> **The records**
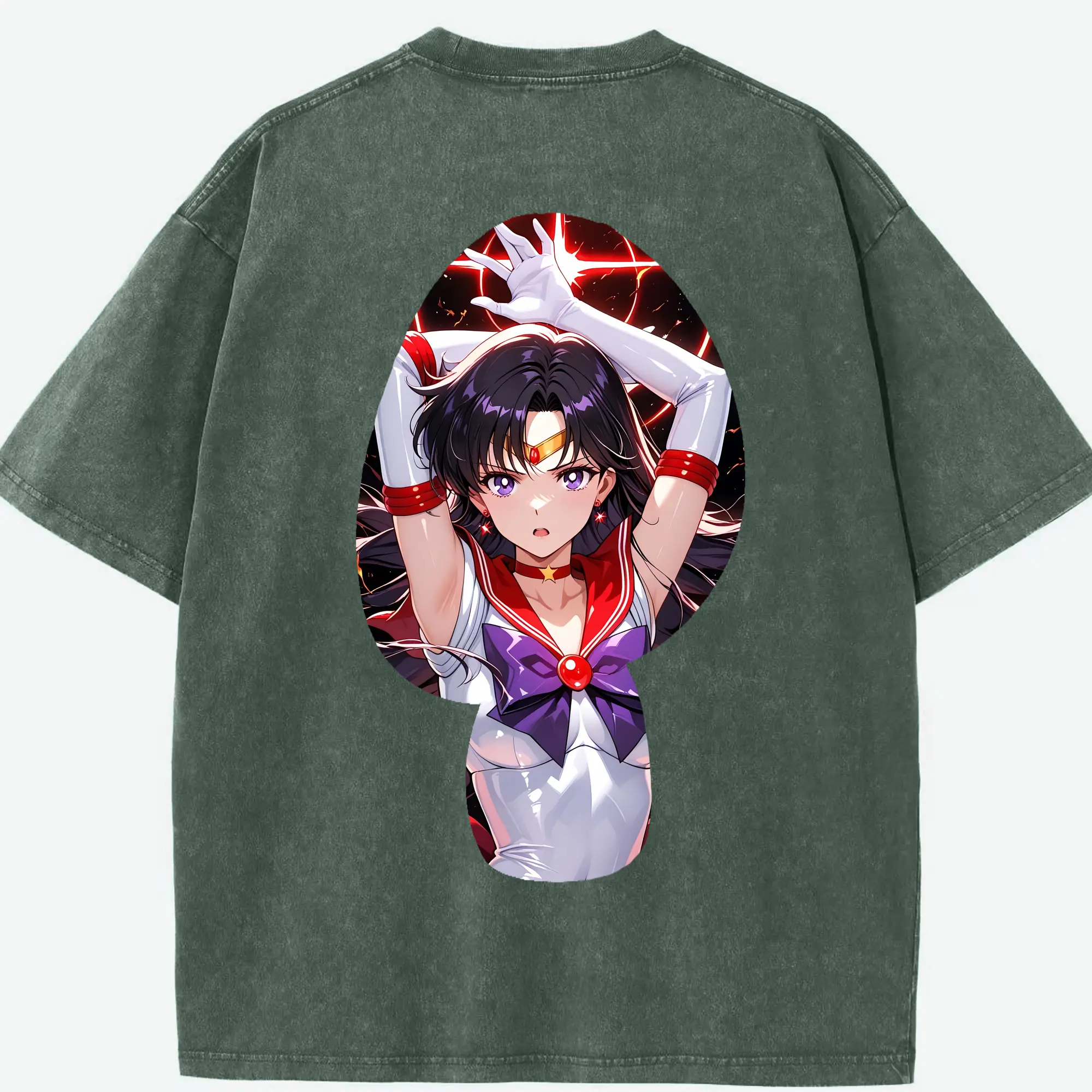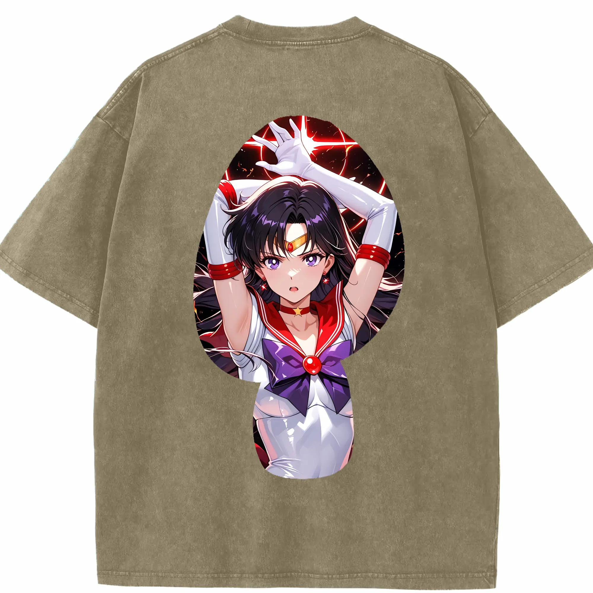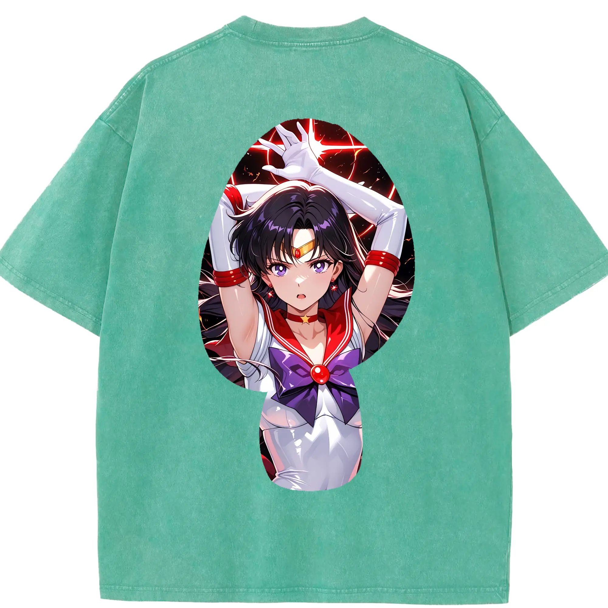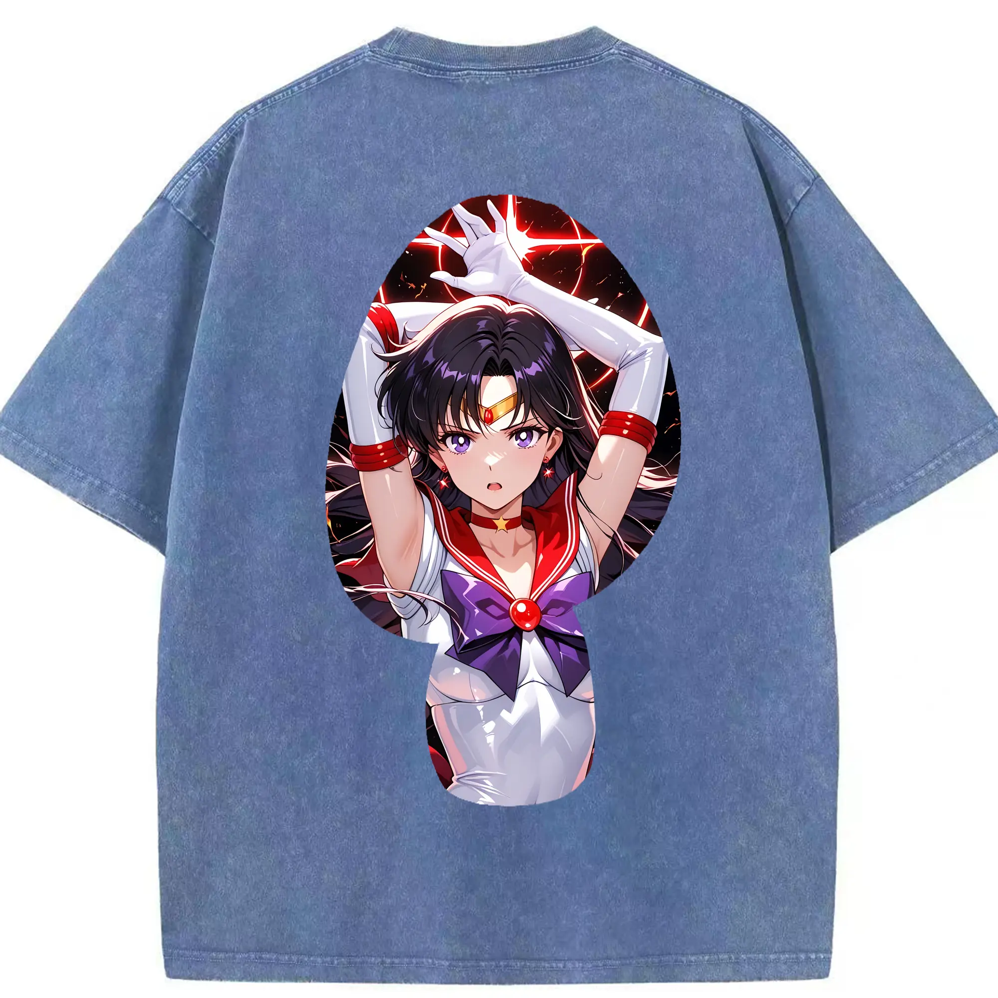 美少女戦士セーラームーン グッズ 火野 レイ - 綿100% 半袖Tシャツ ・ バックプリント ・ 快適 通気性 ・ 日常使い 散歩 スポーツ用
...
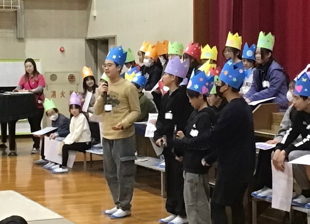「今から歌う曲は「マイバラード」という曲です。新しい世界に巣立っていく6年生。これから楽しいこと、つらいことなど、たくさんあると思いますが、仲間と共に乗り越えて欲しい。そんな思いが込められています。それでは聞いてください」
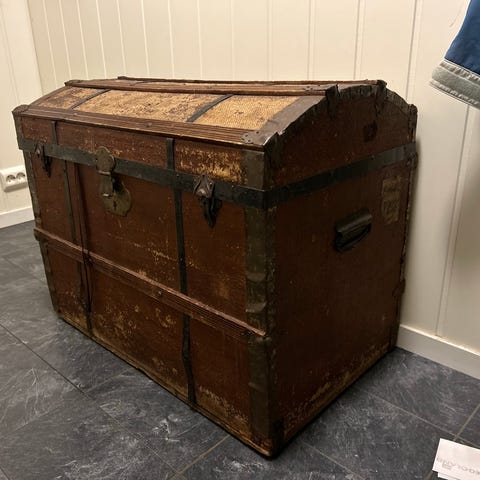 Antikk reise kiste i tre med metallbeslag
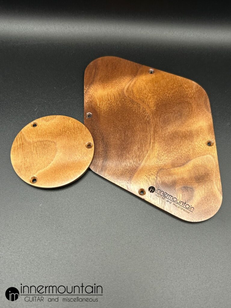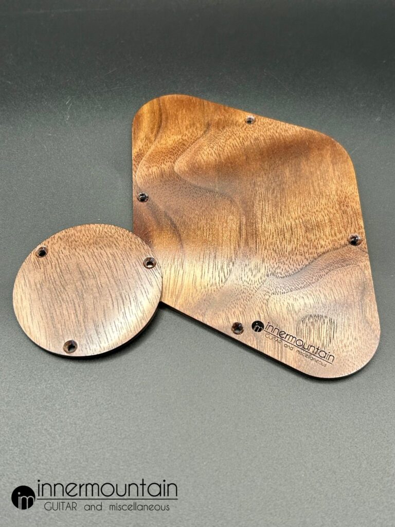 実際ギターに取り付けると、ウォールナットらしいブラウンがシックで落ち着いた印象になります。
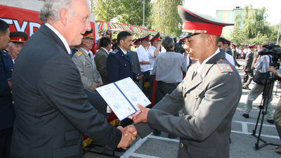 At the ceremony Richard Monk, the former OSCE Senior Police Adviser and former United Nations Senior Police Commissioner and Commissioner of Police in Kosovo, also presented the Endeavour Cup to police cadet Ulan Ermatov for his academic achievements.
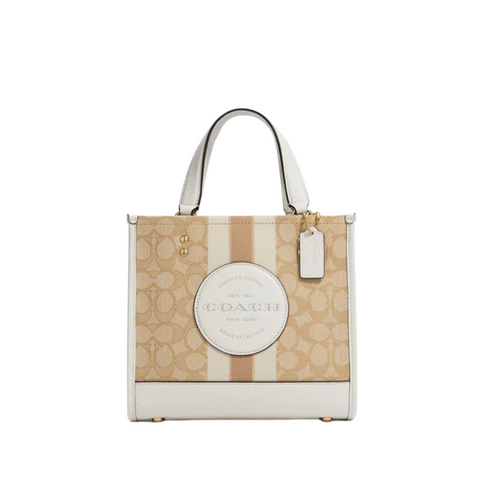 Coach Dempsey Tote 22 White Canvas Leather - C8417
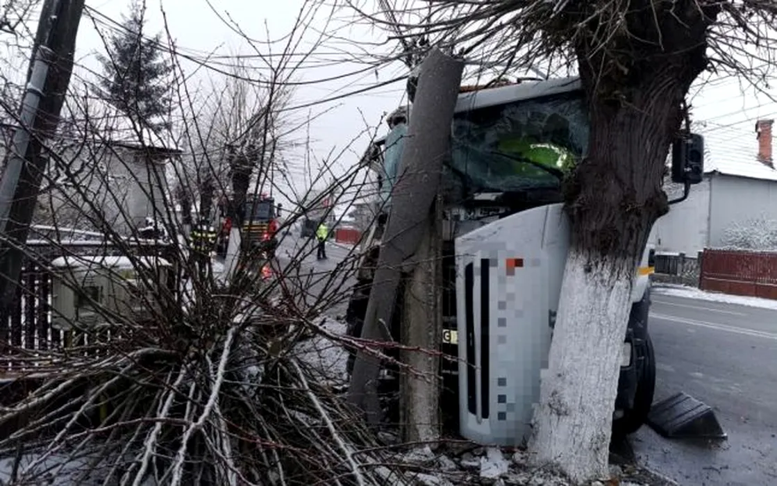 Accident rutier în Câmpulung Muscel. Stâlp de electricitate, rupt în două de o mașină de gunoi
...
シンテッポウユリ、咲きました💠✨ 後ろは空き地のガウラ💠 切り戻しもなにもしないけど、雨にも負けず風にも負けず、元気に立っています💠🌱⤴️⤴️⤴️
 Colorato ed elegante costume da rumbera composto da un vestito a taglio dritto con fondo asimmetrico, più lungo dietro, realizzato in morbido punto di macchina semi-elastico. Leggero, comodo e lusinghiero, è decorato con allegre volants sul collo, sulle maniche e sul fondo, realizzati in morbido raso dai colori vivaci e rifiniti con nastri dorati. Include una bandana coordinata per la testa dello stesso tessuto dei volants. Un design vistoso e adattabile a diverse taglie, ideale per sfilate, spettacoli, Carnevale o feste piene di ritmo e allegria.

> **Exercise brief**
Although the records above contain pictures, the copy must not; set down exactly the lines from the one with "Coach Dempsey Tote" up to and including the one with "Accident rutier în".

> **The completed task**
 Coach Dempsey Tote 22 White Canvas Leather - C8417
 Accident rutier în Câmpulung Muscel. Stâlp de electricitate, rupt în două de o mașină de gunoi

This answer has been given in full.